The callback methods in ACE's framework classes are defined as C++ virtual methods. This use of dynamic binding allows networked applications to freely implement and extend interface methods without modifying or rebuilding existing framework classes. In contrast, the ACE wrapper facades rarely use callbacks or virtual methods, so they aren't as extensible as the ACE frameworks. The ACE wrapper facades do support a broad range of use cases, however, and can be integrated together via generic programming [Ale01] techniques based on the C++ traits and traits classes idioms outlined in Sidebar 40 (page 165).

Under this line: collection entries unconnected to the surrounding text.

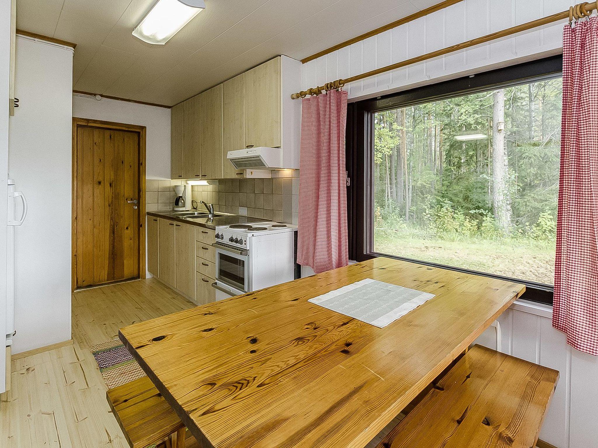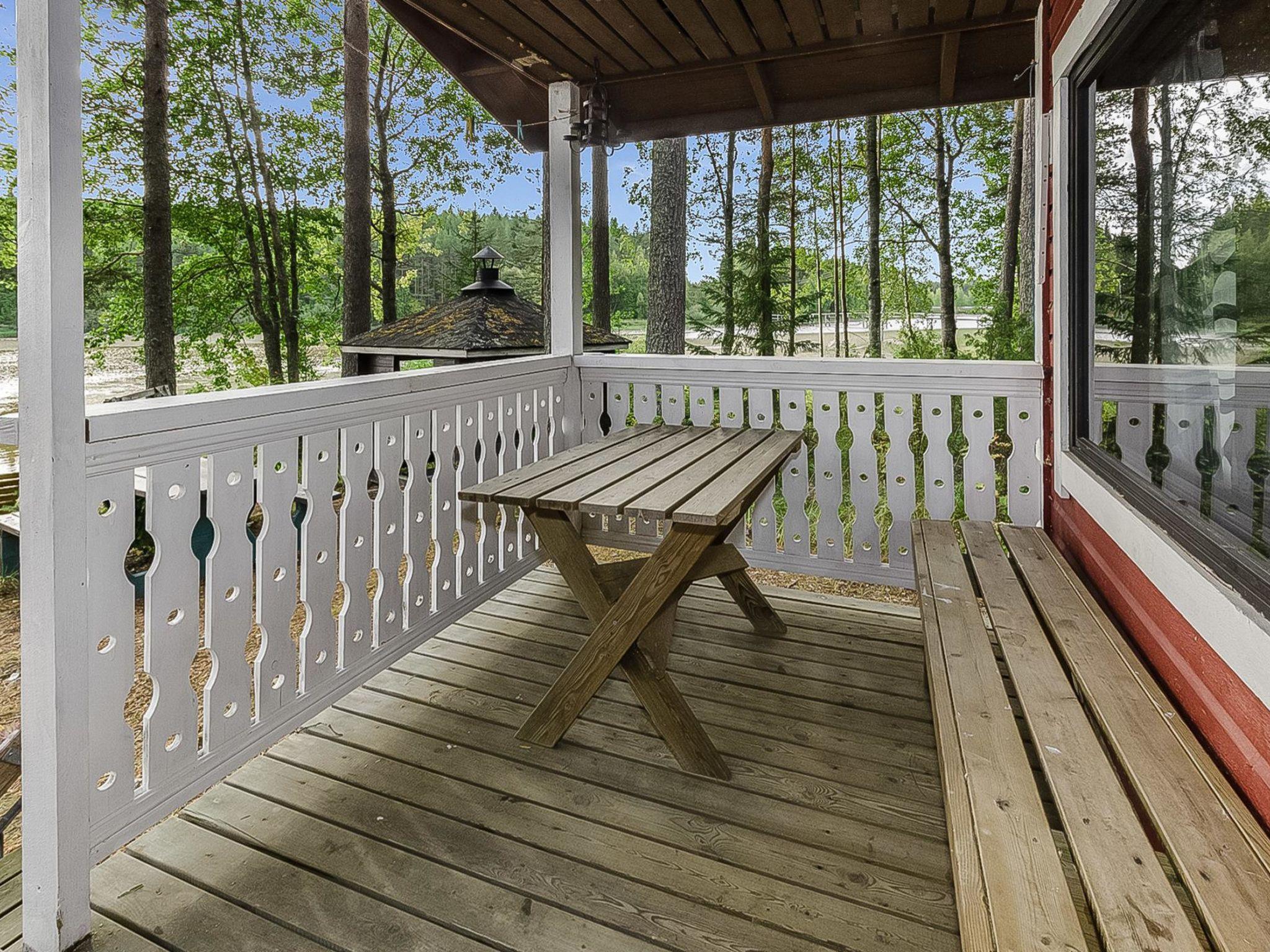 11 km to the south from Nurmes, lake Pielinen 20 m (871,2 km², length 100 km, width 20 km), gently deepening hard bottom, pier, own boat. Wooden cabin, built in 1990, renovated in 2002 and 2019. Living room with wooden sofa bed, kitchen with wooden sofa bed, bedroom with 2 beds, wood heated sauna, washroom, open porch.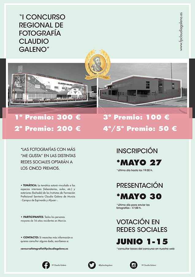 Para conocer detalladamente el método de inscripción, las condiciones del envío de las fotografías, los plazos o el proceso de selección en las redes sociales, entre otros muchos apartados, podéis consultar las bases visitando la siguiente dirección: http://www.fpclaudiogaleno.com/images/PDF/bases-concurso-fotografia.pdf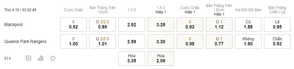 Soi kèo hiệp 1 Blackpool vs QPR: 0.93*0*0.95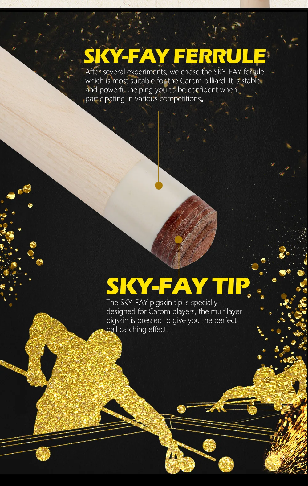 4.After several experiments, we chose the SKY-FAY ferrule which is most suitable for the Carom billiard. It is stable and powerful,helping you to be confident when participating in various competitions.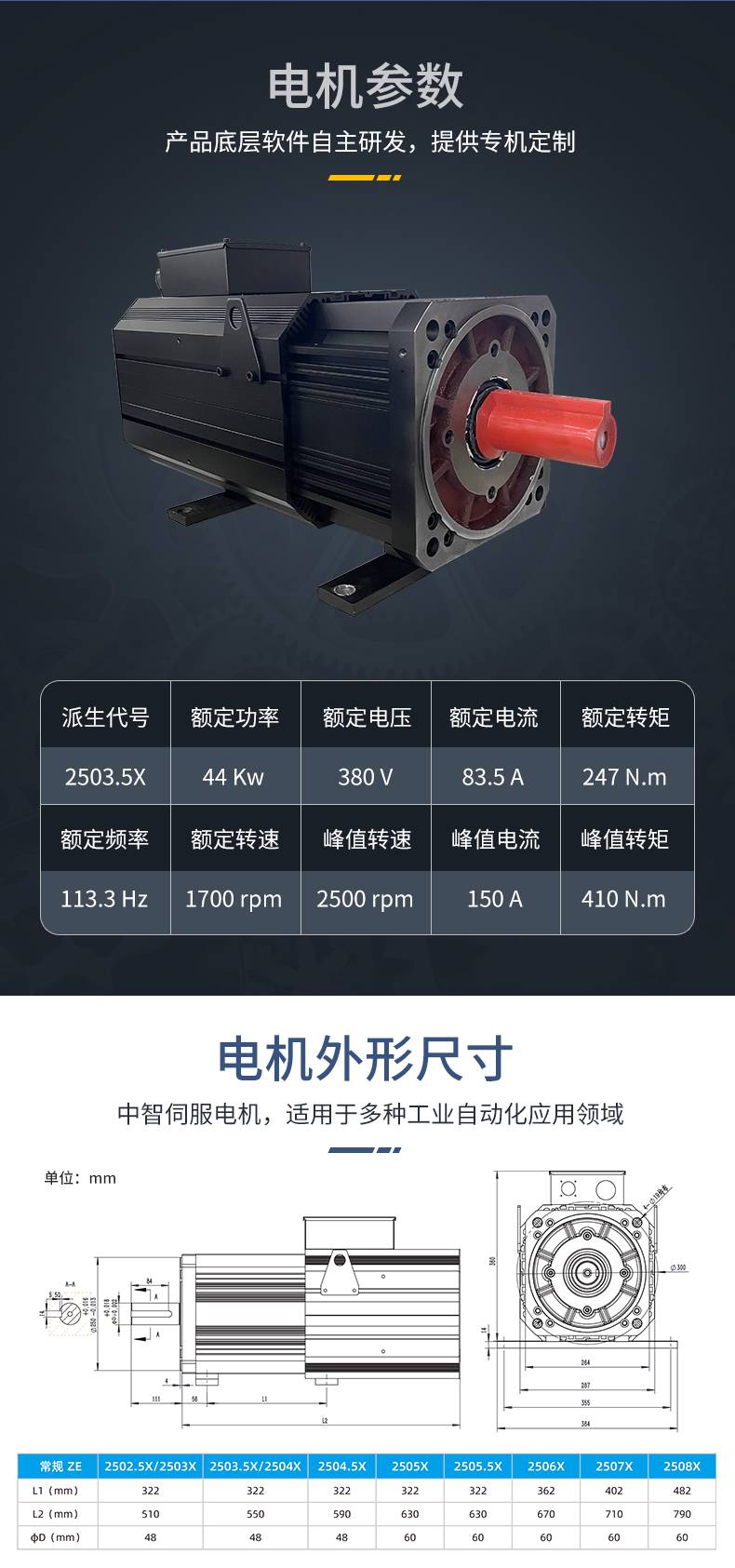 高低温伺服电机 44kw 电源适配供应 一级能效 中智电气

Figure 1.9 illustrates how the class libraries and frameworks in ACE are complementary technologies. The ACE toolkit simplifies the implementation of its frameworks via its class libraries of containers, which include lists, queues, hash tables, strings, and other reusable data structures. Likewise, application-defined code invoked by event handlers in the ACE Reactor framework can use the ACE wrapper facades and the C++ standard library classes [Jos99] to perform IPC, synchronization, file management, and string processing operations. Sidebar 3 describes how to build the ACE library so that you can experiment with the examples we present in this book.

Figure 1.9 Figure 1.9: Applying Class Libraries to Develop and Use ACE Frameworks


Sidebar 3: Building ACE and Programs that Use ACE

ACE is open-source software that you can download from http://ace.ece.uci. edu or http://www.riverace.com and build yourself. These sites contain a wealth of other material on ACE, such as tutorials, technical papers, and an overview of other ACE wrapper facades and frameworks that aren't covered in this book. You can also purchase a prebuilt version of ACE from Riverace at a nominal cost. See http://www.riverace.com for a list of the prebuilt compiler and OS platforms supported by Riverace.

If you want to build ACE yourself, you should download and unpack the ACE distribution into an empty directory. The top-level directory in the distribution is named ACE_wrappers. We refer to this top-level directory as "ACE_ROOT." You should create an environment variable by that name containing the full path to the top-level ACE directory. The ACE source and header files reside in $ACE_ROOT/ace.

The $ACE_ROOT/ACE-INSTALL.html file has complete instructions for building ACE, including how to configure it for your OS and compiler. This book's networked logging service example source and header files reside in $ACE_ROOT/examples/ C++NPv2 and are ready to build on all platforms that ACE supports. To build your own programs, the $ACE_ROOTdirectory must be added to your compiler's file include path. For command-line compilers, this can be done with the -Ior /Icompiler option. Graphical IDEs provide similar options, such as MSVC++'s "Preprocessor, Additional include directories" section of the C/C++ tab on the Project Settings dialog box.